- [WHAT THE TASK REQUIRES]
Would you transcribe exactly the lines from the one containing "依靠新卡维萨鲁斯的双倍奥术法" to the last line of the data below, both ends included, but none of the pictures?

- [DATA BELOW]
Segment Open

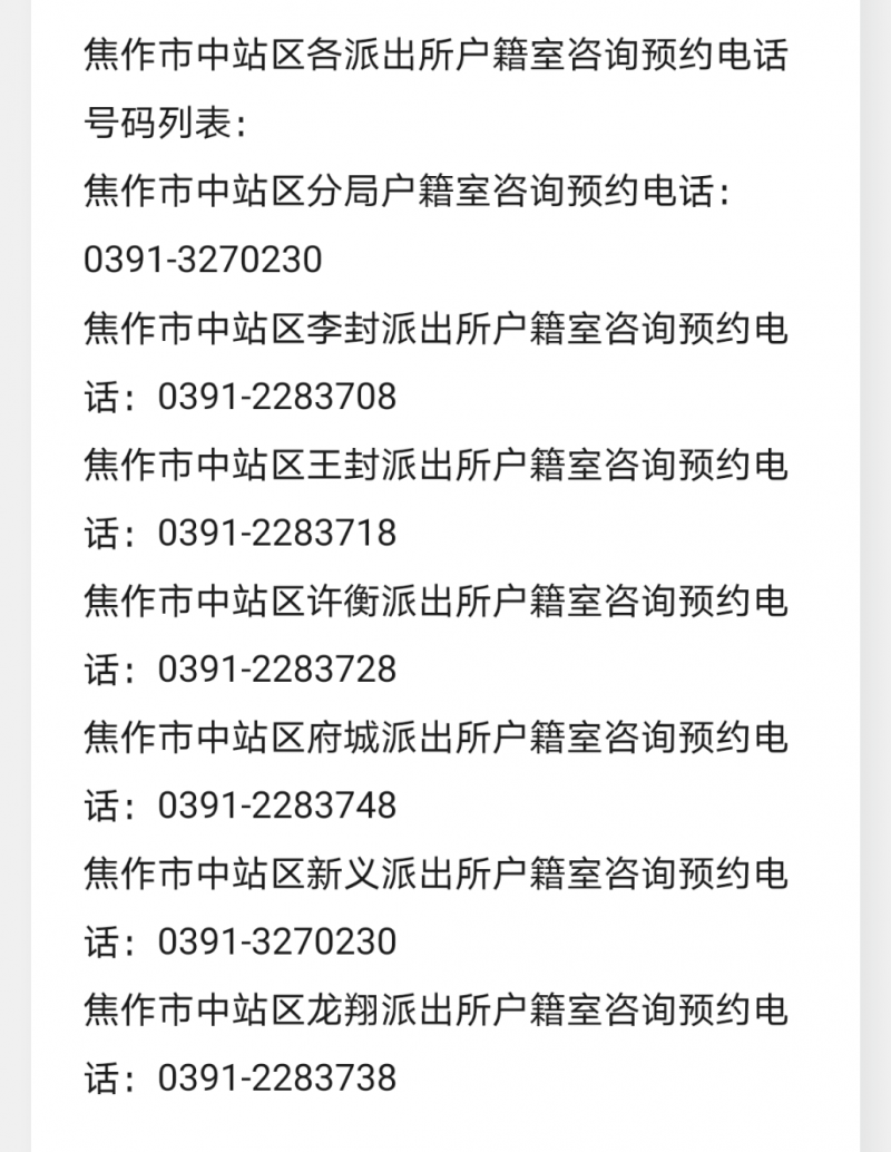 焦作市中站区各派出所户籍室咨询预约电话号码列表:焦作市中站区分局户籍室、焦作市中站区李封派出所户籍室、焦作市中站区王封派出所户籍室、焦作市中站区许衡派出所户籍室、焦作市中站区府城派出所户籍室、焦作市中站区新义派出所户籍室、焦作市中站区龙翔派出所户籍室。
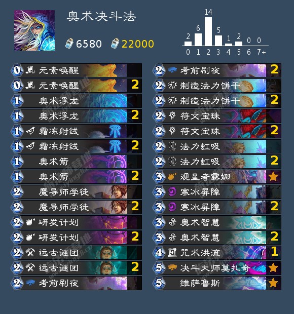 依靠新卡维萨鲁斯的双倍奥术法术效果以成型的一套决斗法。魔导师学徒是专属于奥术体系的巫师学徒,只要2费的消耗让决斗法再度成为可能。启动时注意制造法力饼干勿急于使用,这是可以配合维萨鲁斯完成电表倒转的牌。(所以什么时候能给研发计划加上奥术的词条呢)
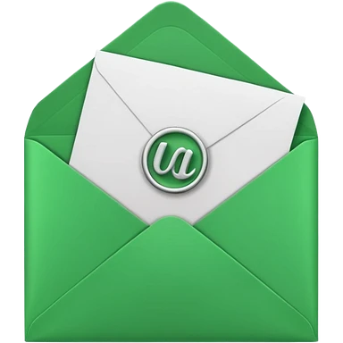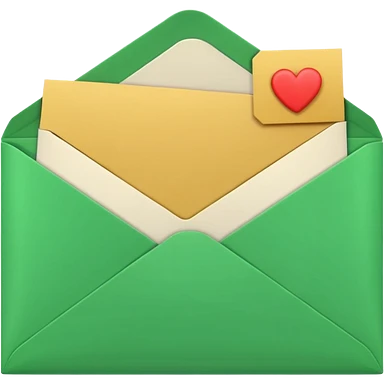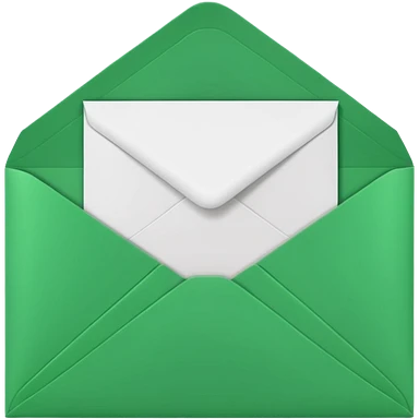 3D minimal open envelope with paper sliding out, matte finish, deep green (#0B3D2C) envelope, cream (#F5F5DC) paper, subtle gold (#C9B037) edge, Apple style, ultra clean, soft shadow, transparent background emoji
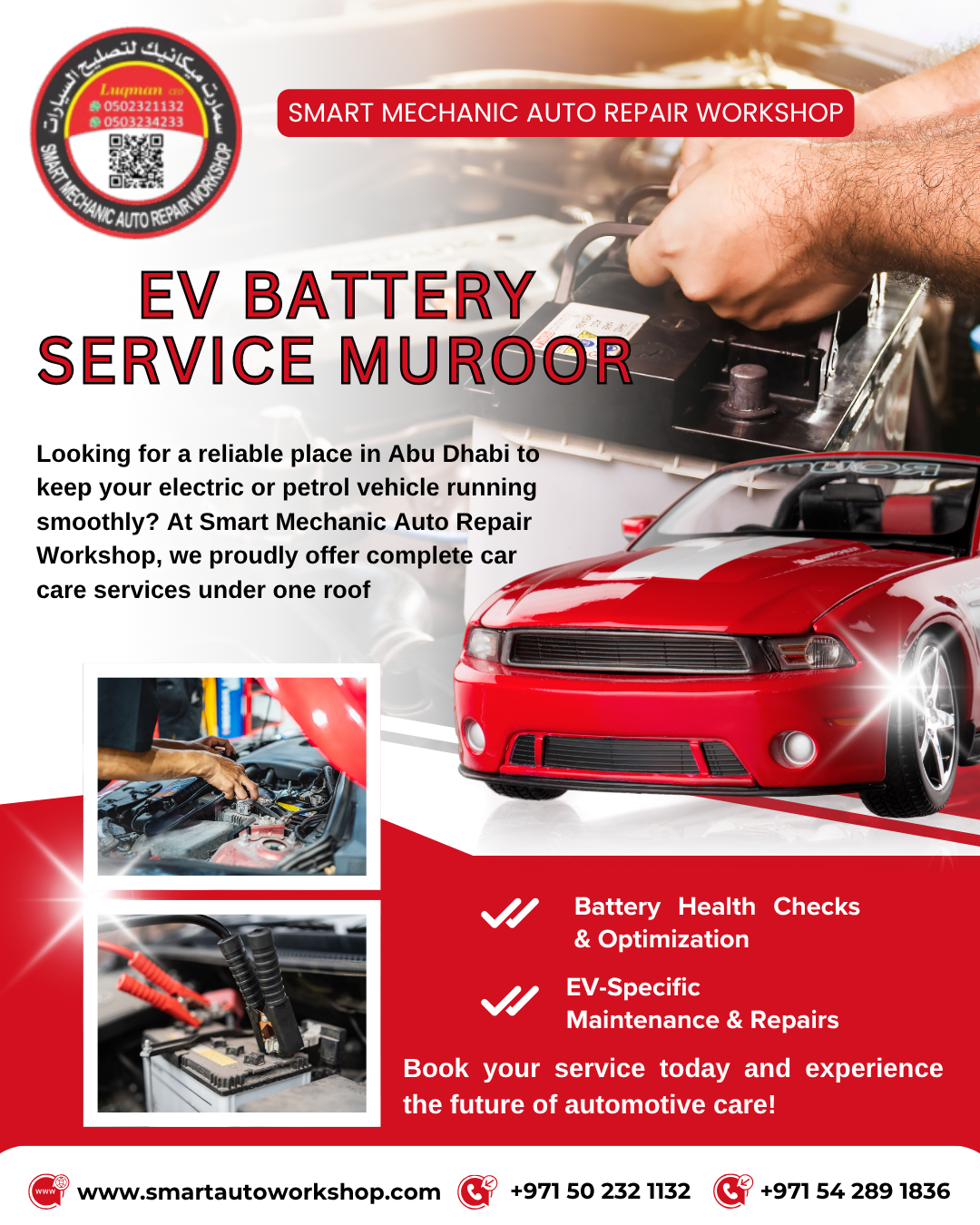 EV Battery Service Muroor: Expert maintenance, diagnosis, and repair for your electric vehicle’s heart. Trust Smart Mechanic Auto Repair Workshop.

Segment Closed

- [TASK ANSWER]
 依靠新卡维萨鲁斯的双倍奥术法术效果以成型的一套决斗法。魔导师学徒是专属于奥术体系的巫师学徒,只要2费的消耗让决斗法再度成为可能。启动时注意制造法力饼干勿急于使用,这是可以配合维萨鲁斯完成电表倒转的牌。(所以什么时候能给研发计划加上奥术的词条呢)
 3D minimal open envelope with paper sliding out, matte finish, deep green (#0B3D2C) envelope, cream (#F5F5DC) paper, subtle gold (#C9B037) edge, Apple style, ultra clean, soft shadow, transparent background emoji
 EV Battery Service Muroor: Expert maintenance, diagnosis, and repair for your electric vehicle’s heart. Trust Smart Mechanic Auto Repair Workshop.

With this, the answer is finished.